Get the model parameters.

heterogeneous_patterns(correction=None, alpha=0.05)#

Return the heterogeneous patterns of the left and right field.

The heterogeneous patterns are the correlation coefficients between the input data and the scores of the other field.

More precisely, the heterogeneous patterns r_{het} are defined as

\[r_{het, x} = corr \left(X, A_y \right)\]
\[r_{het, y} = corr \left(Y, A_x \right)\]

where \(X\) and \(Y\) are the input data, \(A_x\) and \(A_y\) are the scores of the left and right field, respectively.

Parameters:
  • correction (str, default=None) – Method to apply a multiple testing correction. If None, no correction is applied. Available methods are: - bonferroni : one-step correction - sidak : one-step correction - holm-sidak : step down method using Sidak adjustments - holm : step-down method using Bonferroni adjustments - simes-hochberg : step-up method (independent) - hommel : closed method based on Simes tests (non-negative) - fdr_bh : Benjamini/Hochberg (non-negative) (default) - fdr_by : Benjamini/Yekutieli (negative) - fdr_tsbh : two stage fdr correction (non-negative) - fdr_tsbky : two stage fdr correction (non-negative)

  • alpha (float, default=0.05) – The desired family-wise error rate. Not used if correction is None.

homogeneous_patterns(correction=None, alpha=0.05)#

Return the homogeneous patterns of the left and right field.

The homogeneous patterns are the correlation coefficients between the input data and the scores.

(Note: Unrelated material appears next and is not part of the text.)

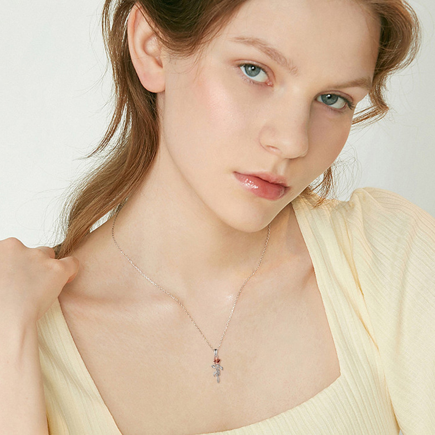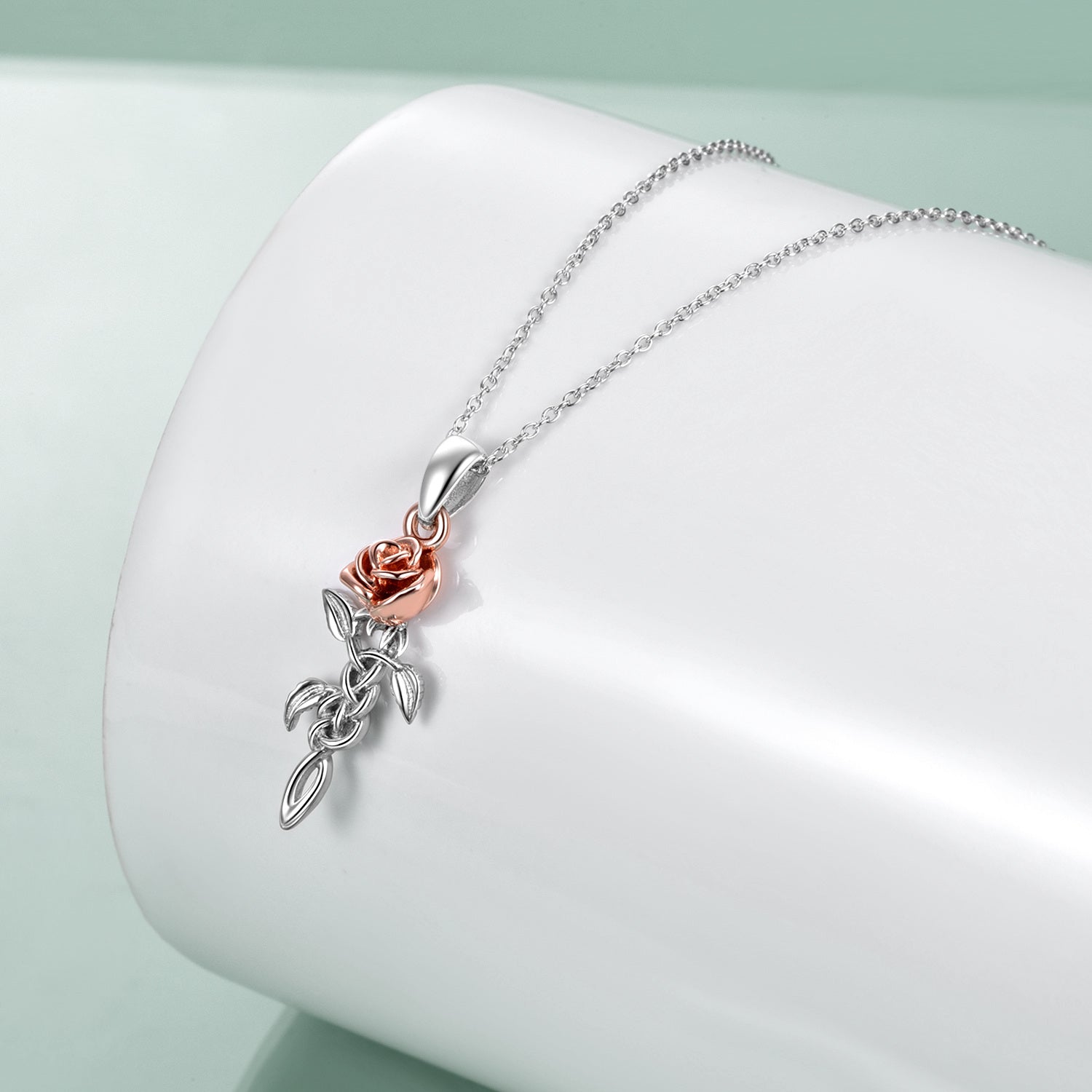 This Sterling Silver Two-tone Celtic Knot Rose Branch Pendant Necklace by YFN is a stone-free piece that celebrates feminine grace for women. Crafted in high-quality sterling silver, this pendant necklace features a delicate rose motif intertwined with a Celtic knot branch. Its unique combination of silver and rose gold hues (two-tone) offers a sophisticated touch without the need for gemstones.

More precisely, the homogeneous patterns r_{hom} are defined as

\[r_{hom, x} = corr \left(X, A_x \right)\]
\[r_{hom, y} = corr \left(Y, A_y \right)\]

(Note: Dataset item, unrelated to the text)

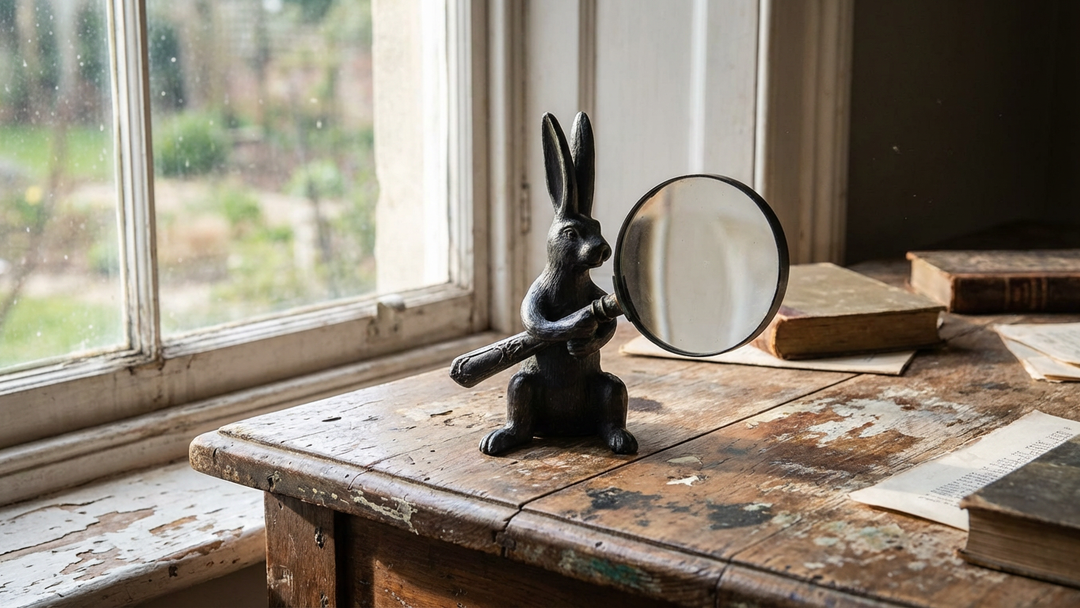 Meet your desk's newest companion—an adorable bunny clutching a real magnifying glass. This charming piece combines whimsy with function, perfect for adding personality to your workspace while keeping a practical tool within reach. Whether you're a nature lover, collector, or simply someone who appreciates quirky décor, this delightful bunny brings both character and utility to any desk setup.

where \(X\) and \(Y\) are the input data, \(A_x\) and \(A_y\) are the scores of the left and right field, respectively.

Parameters:
  • correction (str, default=None) – Method to apply a multiple testing correction. If None, no correction is applied. Available methods are: - bonferroni : one-step correction - sidak : one-step correction - holm-sidak : step down method using Sidak adjustments - holm : step-down method using Bonferroni adjustments - simes-hochberg : step-up method (independent) - hommel : closed method based on Simes tests (non-negative) - fdr_bh : Benjamini/Hochberg (non-negative) (default) - fdr_by : Benjamini/Yekutieli (negative) - fdr_tsbh : two stage fdr correction (non-negative) - fdr_tsbky : two stage fdr correction (non-negative)

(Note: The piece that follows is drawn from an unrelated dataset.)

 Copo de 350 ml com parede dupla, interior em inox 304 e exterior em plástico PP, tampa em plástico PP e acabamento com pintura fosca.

  • alpha (float, default=0.05) – The desired family-wise error rate. Not used if correction is None.

Returns:

  • patterns1 (DataArray | Dataset | List[DataArray]) – Left homogenous patterns.

  • patterns2 (DataArray | Dataset | List[DataArray]) – Right homogenous patterns.

  • pvals1 (DataArray | Dataset | List[DataArray]) – Left p-values.

  • pvals2 (DataArray | Dataset | List[DataArray]) – Right p-values.

inverse_transform(scores1: DataArray, scores2: DataArray) Tuple[DataArray | Dataset | List[DataArray | Dataset], DataArray | Dataset | List[DataArray | Dataset]]#

Reconstruct the original data from transformed data.

Parameters:
  • scores1 (DataObject) – Transformed left field data to be reconstructed. This could be a subset of the scores data of a fitted model, or unseen data. Must have a ‘mode’ dimension.

  • scores2 (DataObject) – Transformed right field data to be reconstructed. This could be a subset of the scores data of a fitted model, or unseen data. Must have a ‘mode’ dimension.

Returns:

  • Xrec1 (DataArray | Dataset | List[DataArray]) – Reconstructed data of left field.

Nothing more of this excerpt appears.